First, what is Y, U, and V? Y stands for “luminance”, or light intensity — think grayscale television. It is a holdover from early television days when a 3D (X,Y,Z) coordinate system was used — the y-axis represented luminence in this coordinate system.
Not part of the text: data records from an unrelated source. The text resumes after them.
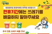 [ 포에버뉴스 김경순 기자 ] 파주시는 환경미화원 휴무 보장을 위해 추석 연휴 기간인 10월 4일부터 10월 6일, 10월 8일부터 10월 9일까지는 생활폐기물을 배출해서는 안 되며, 이 기간 동안에는 생활쓰레기 수거가 중단된다고 밝혔다. 단, 운정신도시 내 자동집하시설이 설치된 지역은 추석 연휴에도 평소처럼 집하시설을 통해 종량제봉투를 정상적으로 배출할 수 있고, 연휴 마지막 날인 10월 9일 18시부터는 쓰레기 배출이 가능하다. 시는 추석 명절과 아시아태평양경제협력체(APEC) 정상회의를 계기로, 행정안전부 주관 ‘대한민국 새단장 캠페인’에 동참해 9월 22일부터 10월 1일까지 중점 청소 및 단속 기간으로 지정했다. 이 기간 동안 추석맞이 대청소를 통해 청소 취약지역을 정비하고, 쓰레기 무단투기 예방을 위한 집중 단속을 실시해 연휴 기간 동안 청결한 환경을 유지할 계획이다. 또한 시는 연휴 기간인 10월 3일부터 10월 9일까지 시민들의 불편을 최소화하기 위해 상황반을 운영하고, 청소대행업체에서는 15개 기동반을 배치해 쓰레기 관련 불편 사항과 민원을 신속하게 처리할 계획이다. 특히 야당역,
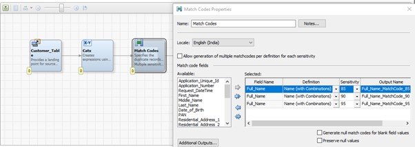 Note: – In this document the example is to generate match codes for the input parameters. Other nodes can be configured as required based on the business requirement.
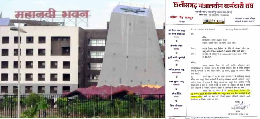 रायपुर छत्तीसगढ़ मंत्रालयीन कर्मचारी संघ ने सामान्य प्रशासन विभाग के सचिव को पत्र लिखकर मतदान के दिन मंत्रालय सहित रायपुर

U and V are orthogonal color channels:

uv-color-plane
Source: Tonyle CC BY-SA 3.0

Now let’s take a 4x4 pixel YUV 4:2:0 image as an example:

$(Y_{00}, U_{00}, V_{00})$ $(Y_{01}, U_{00}, V_{00})$ $(Y_{02}, U_{01}, V_{01})$ $(Y_{03}, U_{01}, V_{01})$
$(Y_{10}, U_{00}, V_{00})$ $(Y_{11}, U_{00}, V_{00})$ $(Y_{12}, U_{01}, V_{01})$ $(Y_{13}, U_{01}, V_{01})$
$(Y_{20}, U_{10}, V_{10})$ $(Y_{21}, U_{10}, V_{10})$ $(Y_{22}, U_{11}, V_{11})$ $(Y_{23}, U_{11}, V_{11})$
$(Y_{30}, U_{10}, V_{10})$ $(Y_{31}, U_{10}, V_{10})$ $(Y_{32}, U_{11}, V_{11})$ $(Y_{33}, U_{11}, V_{11})$

Notice how each of the 16 pixels in the image gets its own Y value, but the U and V pixels are shared amongst 2x2 groups of 4 pixels — it’s as if U and V are half the resolution of Y.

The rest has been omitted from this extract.